Contents

Listing the Found Files

As already discussed in Using the find Command Effectively (Part 1), the default, implicit action for find is -print. This primary outputs the current pathname, one per line, and always evaluates to true.

Because of the special meaning of whitespace in the shell to distinguish words, it can be problematic to process the output of -print if the pathnames include spaces or newlines. To work around this issue, the GNU version of find (as initially suggested by Dan Bernstein) offers the -print0 primary that uses the ASCII character NUL to separate pathnames. The accompanying -0 option in xargs is frequently used with it.

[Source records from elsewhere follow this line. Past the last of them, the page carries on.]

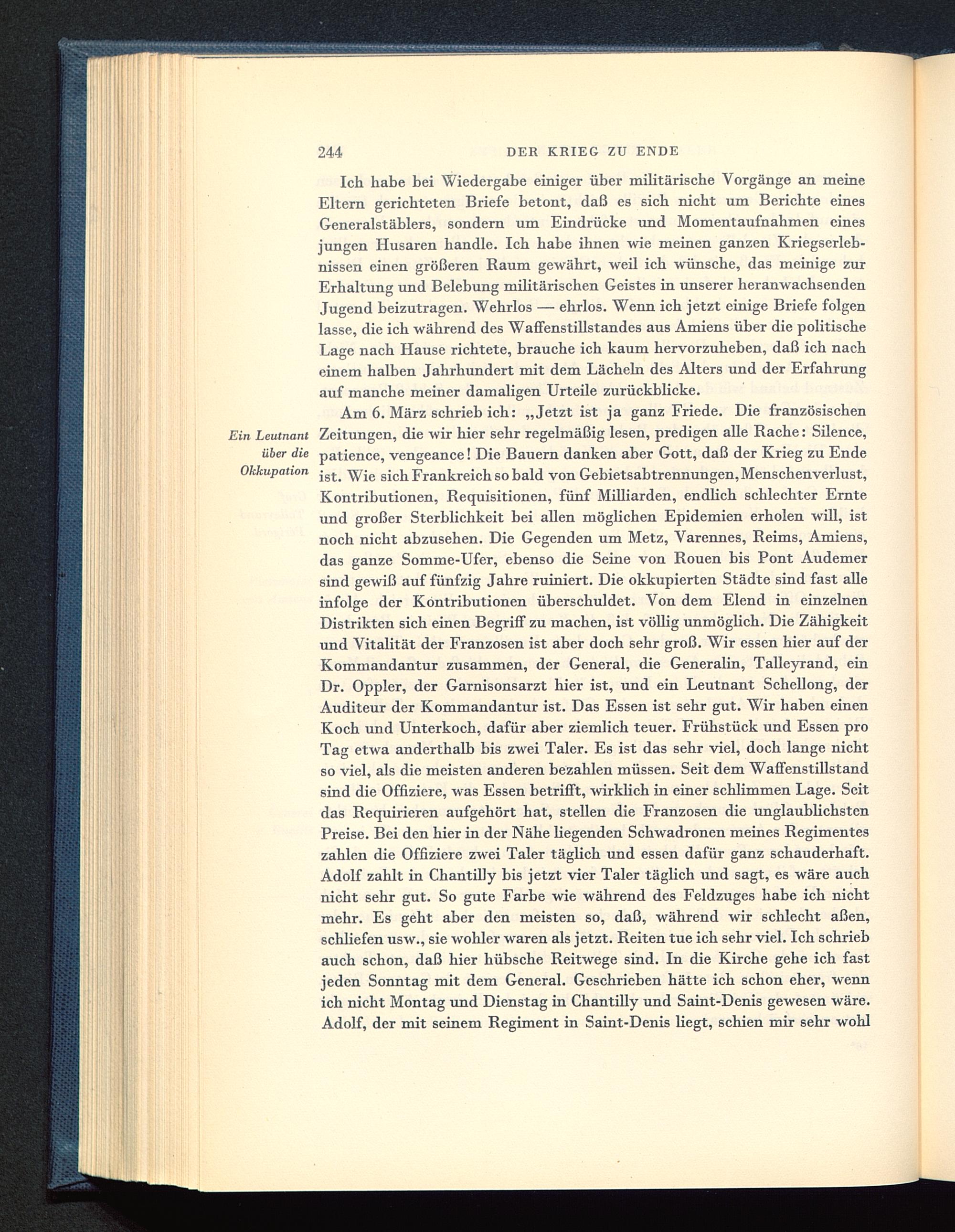 Am 6. März schrieb ich: „Jetzt ist ja ganz Friede. Die französischenEin Leutnant Zeitungen, die wir hier sehr regelmäßig lesen, predigen alle Rache: Silence,über die patience, vengeance! Die Bauern danken aber Gott , daß der Krieg zu EndeOkkupation j gt sich Frankreich so bald von Gebietsabtrennungen, Menschenverlust,Kontributionen, Requisitionen, fünf Milliarden, endlich schlechter Ernteund großer Sterblichkeit bei allen möglichen Epidemien erholen will, istnoch nicht abzusehen. Die Gegenden um Metz, Varennes, Reims, Amiens, das ganze Somme-Ufer, ebenso die Seine von Rouen bis Pont Audemersind gewiß auf fünfzig Jahre ruiniert. Die okkupierten Städte sind fast alleinfolge der Kontributionen überschuldet. Von dem Elend in einzelnenDistrikten sich einen Begriff zu machen, ist völlig unmöglich. Die Zähigkeitund Vitalität der Franzosen ist aber doch sehr groß. Wir essen hier auf derKommandantur zusammen, der General, die Generalin, Talleyrand, einDr. Oppler, der Garnisonsarzt hier ist, und ein Leutnant Schellong, derAuditeur der Kommandantur ist. Das Essen ist sehr gut. Wir haben einenKoch und Unterkoch, dafür aber ziemlich teuer. Frühstück und Essen proTag etwa anderthalb bis zwei Taler. Es ist das sehr viel, doch lange nichtso viel, als die meisten anderen bezahlen müssen. Seit dem Waffenstillstandsind die Offiziere, was Essen betrifft, wirklich in einer schlimmen Lage. Seitdas Requirieren aufgehört hat, stellen die Franzosen die unglaublichstenPreise. Bei den hier in der Nähe liegenden Schwadronen meines Regimenteszahlen die Offiziere zwei Taler täglich und essen dafür ganz schauderhaft.Adolf zahlt in Chantilly bis jetzt vier Taler täglich und sagt, es wäre auchnicht sehr gut. So gute Farbe wie während des Feldzuges habe ich nichtmehr. Es geht aber den meisten so, daß, während wir schlecht aßen,schliefen usw., sie wohler waren als jetzt. Reiten tue ich sehr viel. Ich schriebauch schon, daß hier hübsche Reitwege sind. In die Kirche gehe ich fastjeden Sonntag mit dem General. Geschrieben hätte ich schon eher, wennich nicht Montag und Dienstag in Chantilly und Saint-Denis gewesen wäre.Adolf, der mit seinem Regiment in Saint-Denis liegt, schien mir sehr wohl
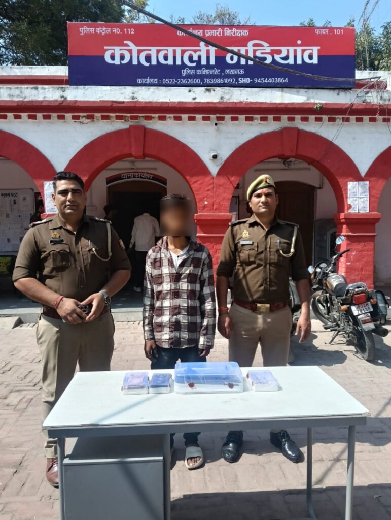 पुलिस द्वारा दी गई जानकारी के अनुसार, अभियुक्तों के कब्जे से निम्नलिखित सामान बरामद हुआ है। मुखबिर की सटीक सूचना पर प्रधान मैरिज हॉल कट के पास से पुलिस टीम ने घेराबंदी कर तीनों संदिग्धों को पकड़े गए अभियुक्त की पहचान सोनू मौर्य (हालपता मुगीऺ फर्म के पास हरिओम नगर नौबस्ता बताया दो बाल अपचारी है, थाना मड़ियांव लखनऊ,
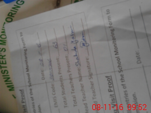 | Attendance Register | Head Teacher | MEA with School | Visit Proof |

Another common, non POSIX-standard extension to find is the -ls action, which appeared in the mid-1980s in BSD-based Unix variants. Its output is equivalent to ls -dils.

Unix Standardization

The operating systems of the Unix family have undergone many changes and attempts at standardization. POSIX is still considered a reliable base level of available features, even for the many Linux distributions.

Reconciling the split between the AT&T Unix and Berkeley BSD variants of Unix proved difficult and many compromises had to be made. The -ls action in find, which itself is not part of POSIX, illustrates how complicated that effort was.

When find’s -ls first appeared in BSD and SunOS, ca. 1986, the documentation mentioned it as equivalent to ls -dgils. BSD’s ls -l did not list group ownership, which created the need for an additional flag, -g, to include it alongside the user owner. However, for the ls command as standardized in POSIX in 1992, the -g option implies a -l, but only shows group ownership and omits the user owner.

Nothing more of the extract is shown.